5. Straßenbaumpflanzungen
Im 19. Jahrhundert wurden in Rosenthal, Pankow und Karow die ersten Dorfanger mit Bäumen bepflanzt. Um 1920 begrünte man in Pankow nach und nach die Hauptstraßen, so etwa die Danziger Straße, die Grellstraße und die Platanenstraße. Ende der 1940er Jahre wurde in Ostberlin mit der Beseitigung der Kriegsschäden in den Grünanlagen und Parks und entlang der Straßen begonnen. 1980 schließlich propagierte man, in jede Straße des dichtbesiedelten Bezirks Prenzlauer Berg etwas Grün zu bringen. In drei Jahren sollten ca. 7.000 Bäume gepflanzt werden. Die Pflanzungen dauerten bis 1992 an.
Ab dem Jahr 2000 erfolgten Nachpflanzungen mit der Sorte Prunus padus, da unter den bisherigen Zierkirschen Pilzbefall, Bruch an der Veredelungsstelle oder Wurzelaustrieb aufgetreten waren.
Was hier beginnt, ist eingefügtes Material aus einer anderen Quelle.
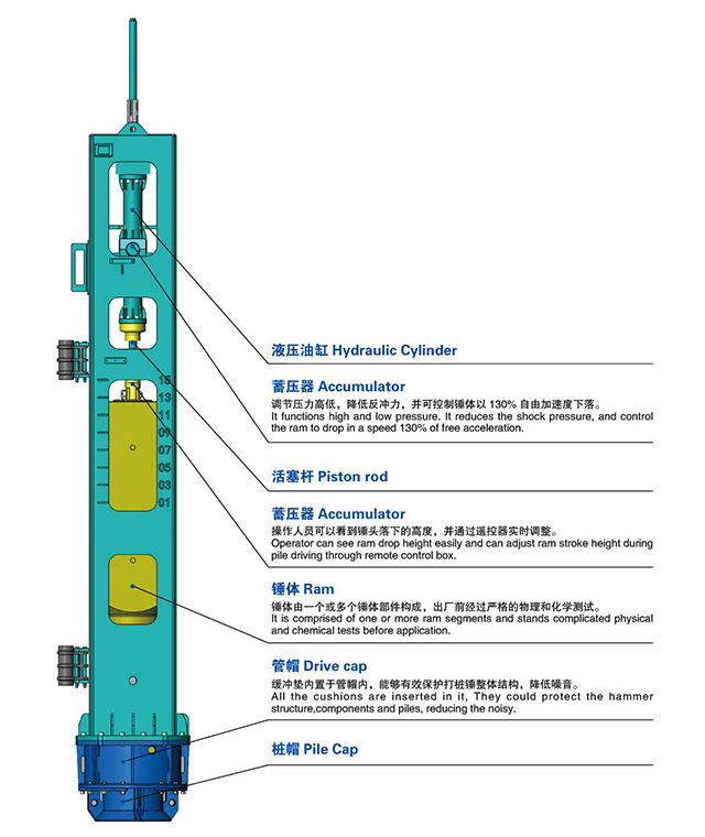 2. Strong penetrating power, more penetrating power to sand and cobblestone layer than traditional diesel hammer,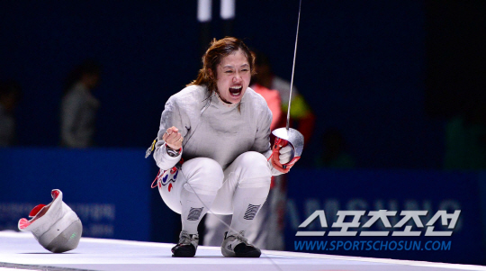 23일 오후 경기도 고양시 고양체유관에서 2014 인천 아시안게임 펜싱 여자 사브르 단체전이 열렸다. 한국의 마지막 주자로 나와 중국에 45대 41로 승리한 김지연이 금메달을 획득하자 환호하고 있다.

2012 initiierte der Berliner Senat eine „Stadtbaumkampagne“, die auch 2024 weitergeführt wird. Dabei sollen private Aktivitäten für Neupflanzungen und zur Baumpflege gebündelt und gefällte Straßenbäume in Zusammenarbeit mit den Gartenämtern ersetzt werden. Aufgerufen sind alle Berlinerinnen und Berliner, durch private Spenden zur Stadtbegrünung beizutragen.
„Lebensbäume –Lebensräume“
Baumpflanzaktion des gleichnamigen Vereins
„Zu fällen einen schönen Baum, brauchst eine Viertelstunde kaum.
Zu wachsen, bis man ihn bewundert, braucht er, bedenkt es, ein Jahrhundert.“
Eugen Roth (1895–1976)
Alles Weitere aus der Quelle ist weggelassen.